Insomnia took away my health, my happiness, my good grades/ piano skills, and my social life. I can't count to you how many missed opportunities I had in the past five years because of it. But God never forsook me in the valley of the shadow of death. In the past two years, He still allowed me to successfully complete two solo recitals to graduate, get accepted to the Master’s program at Uof I, and win a major piano competition that gave me four thousand dollars. If I were to write out how God miraculously provide me with financial blessing and helped me finish school in my neediest time, it would take another story.

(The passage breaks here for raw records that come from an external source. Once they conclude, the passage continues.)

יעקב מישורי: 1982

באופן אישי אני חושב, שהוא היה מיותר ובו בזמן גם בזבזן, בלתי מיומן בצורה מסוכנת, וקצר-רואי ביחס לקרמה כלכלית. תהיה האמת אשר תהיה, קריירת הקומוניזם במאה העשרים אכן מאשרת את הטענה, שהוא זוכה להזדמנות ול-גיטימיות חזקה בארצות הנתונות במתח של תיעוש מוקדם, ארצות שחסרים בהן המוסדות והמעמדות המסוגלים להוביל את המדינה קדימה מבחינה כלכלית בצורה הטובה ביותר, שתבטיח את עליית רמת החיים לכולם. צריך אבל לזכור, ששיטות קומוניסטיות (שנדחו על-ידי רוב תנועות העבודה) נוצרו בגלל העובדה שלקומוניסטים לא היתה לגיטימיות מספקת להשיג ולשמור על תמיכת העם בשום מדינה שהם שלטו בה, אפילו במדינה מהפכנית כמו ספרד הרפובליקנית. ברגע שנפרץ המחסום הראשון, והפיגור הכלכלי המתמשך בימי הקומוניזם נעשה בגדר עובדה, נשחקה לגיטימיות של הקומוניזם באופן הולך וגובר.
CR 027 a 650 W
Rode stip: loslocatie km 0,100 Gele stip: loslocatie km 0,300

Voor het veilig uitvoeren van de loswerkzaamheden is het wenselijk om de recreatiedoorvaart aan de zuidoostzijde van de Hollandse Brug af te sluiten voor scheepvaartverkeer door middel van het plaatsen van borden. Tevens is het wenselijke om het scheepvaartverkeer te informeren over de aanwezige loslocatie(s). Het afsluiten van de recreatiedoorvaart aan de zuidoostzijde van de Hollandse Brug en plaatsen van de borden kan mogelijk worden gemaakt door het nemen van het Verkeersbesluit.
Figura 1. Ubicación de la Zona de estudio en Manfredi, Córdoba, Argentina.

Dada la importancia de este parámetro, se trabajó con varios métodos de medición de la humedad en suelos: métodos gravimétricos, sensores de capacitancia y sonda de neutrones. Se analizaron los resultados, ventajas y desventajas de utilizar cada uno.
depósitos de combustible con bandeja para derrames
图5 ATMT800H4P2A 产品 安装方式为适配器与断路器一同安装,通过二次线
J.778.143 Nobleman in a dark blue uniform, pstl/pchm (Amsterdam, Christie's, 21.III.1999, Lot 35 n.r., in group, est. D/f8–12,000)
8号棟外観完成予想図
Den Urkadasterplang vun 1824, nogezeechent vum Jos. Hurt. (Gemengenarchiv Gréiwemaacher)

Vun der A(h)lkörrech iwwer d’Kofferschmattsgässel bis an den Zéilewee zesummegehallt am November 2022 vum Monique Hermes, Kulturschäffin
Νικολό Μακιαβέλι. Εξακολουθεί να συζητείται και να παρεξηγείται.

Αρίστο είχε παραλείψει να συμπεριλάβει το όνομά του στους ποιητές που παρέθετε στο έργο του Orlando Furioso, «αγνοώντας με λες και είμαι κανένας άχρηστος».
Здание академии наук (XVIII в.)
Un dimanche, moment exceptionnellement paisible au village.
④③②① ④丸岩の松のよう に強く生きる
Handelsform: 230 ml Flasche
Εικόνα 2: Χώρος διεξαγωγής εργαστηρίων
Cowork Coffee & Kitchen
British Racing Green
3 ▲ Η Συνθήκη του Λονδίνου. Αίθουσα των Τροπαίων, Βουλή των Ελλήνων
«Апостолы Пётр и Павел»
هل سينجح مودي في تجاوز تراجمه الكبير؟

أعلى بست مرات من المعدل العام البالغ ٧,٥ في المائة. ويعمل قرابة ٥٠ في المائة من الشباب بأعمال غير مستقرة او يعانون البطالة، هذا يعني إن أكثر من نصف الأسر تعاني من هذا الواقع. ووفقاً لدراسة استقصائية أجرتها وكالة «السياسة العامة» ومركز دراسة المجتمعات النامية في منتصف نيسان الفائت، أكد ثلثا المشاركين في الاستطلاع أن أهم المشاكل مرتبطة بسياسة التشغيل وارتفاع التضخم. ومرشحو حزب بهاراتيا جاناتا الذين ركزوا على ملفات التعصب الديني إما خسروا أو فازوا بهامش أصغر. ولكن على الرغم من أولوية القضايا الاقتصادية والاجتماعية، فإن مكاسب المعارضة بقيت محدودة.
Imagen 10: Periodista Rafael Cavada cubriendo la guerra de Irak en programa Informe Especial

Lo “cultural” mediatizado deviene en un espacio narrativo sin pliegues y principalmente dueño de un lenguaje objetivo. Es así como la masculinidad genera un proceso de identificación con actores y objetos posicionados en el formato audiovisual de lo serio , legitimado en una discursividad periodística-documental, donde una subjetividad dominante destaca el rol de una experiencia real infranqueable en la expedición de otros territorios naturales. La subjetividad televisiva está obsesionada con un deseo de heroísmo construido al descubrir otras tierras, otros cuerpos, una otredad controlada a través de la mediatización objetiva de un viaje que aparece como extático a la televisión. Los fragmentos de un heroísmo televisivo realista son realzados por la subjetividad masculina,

After that supernatural experience in the summer, things started to get better. My insomnia was truly, completely healed when I moved to Palatine towards the end of the summer, for a piano instructor position at Harper College. I knew it was God’s work that I was able to get this job and move back to Palatine. First of all, every single higher education institution in the US requires a minimum of master’s degree for faculty employment. Nowadays, especially in music and art fields, even a doctorate degree doesn’t guarantee a job placement, because there are so many with a terminal degree and yet so little job openings. For some reason, it’s exactly in last year, when I applied to Harper College, they changed their policies and decided that the minimum requirement for faculty employment for my department can be Bachelor’s. Landing in a public college job gave me a peace of mind that one day I would become a full-time, tenured faculty, if I keep pursuing my professional endeavors. My irrational fears about the future that has kept me awake for so many nights began to dissolve. Secondly, I have always dreamed of returning to Chinese WORD ministry (CWM) when I was in college. United States is such a big country; I would have never guessed that I ended up getting a perfect job in an area where I was from- so effortlessly. I believe its God’s plan to heal me physically and spiritually. Very strangely, after I returned to Palatine and the CWM, I all of a sudden started sleeping like a normal person. And because of that, I am not depressed anymore. God puts me here in the suburbs to restore my life. I remember one day in August of last year, when I woke up in the morning after eight hours of good sleep, I felt an immense happiness in my heart- overwhelming happiness, for no reason. Ever since that day, I have never taken any medication to sleep, and I feel so happy, motivated, and content every day! Glory to God! It’s the best thing that has happened in my life.
Forgiveness
I was in HUB conference a couple weeks ago. The first evening I was prayed over by a pastor at the conference, he started prophesying over me, which I didn't expect. The words of encouragements pound deep in my heart, and at that moment, I realized God is indeed speaking to me because there is no way that he would know some of the stuff he said to me. He started addressing to the bitterness I have towards my father. He said I need to forgive him and I need to seek God. I was so touched by the prophecy that I busted out weeping. I felt that God has never left my life. He has always been on the same boat with me. He knows. With this assurance, I know I am not alone after all, and I decided that I will let go the grudges. The second night, I received a prophecy that my heart is filled with a piece of green, which they said is healing. Indeed, my attitude has changed. God has been teaching me how to be content and showing me how everything works for the good to those who love Him. I feel like I am made whole again. Now, I am just happy and grateful every day that I have learn how to look past the circumstances and forgive people (including myself). He is with us, all the time! He has the best for those who love him! I deeply believe this!!
Praise the Lord. He is leading me a new life. Beside a full time job I enjoy, I am servicing the Chinese Word Ministries, supporting Youth Group, directing Choir team, and joining wordship. I am living happily in the spirit of God’s glory.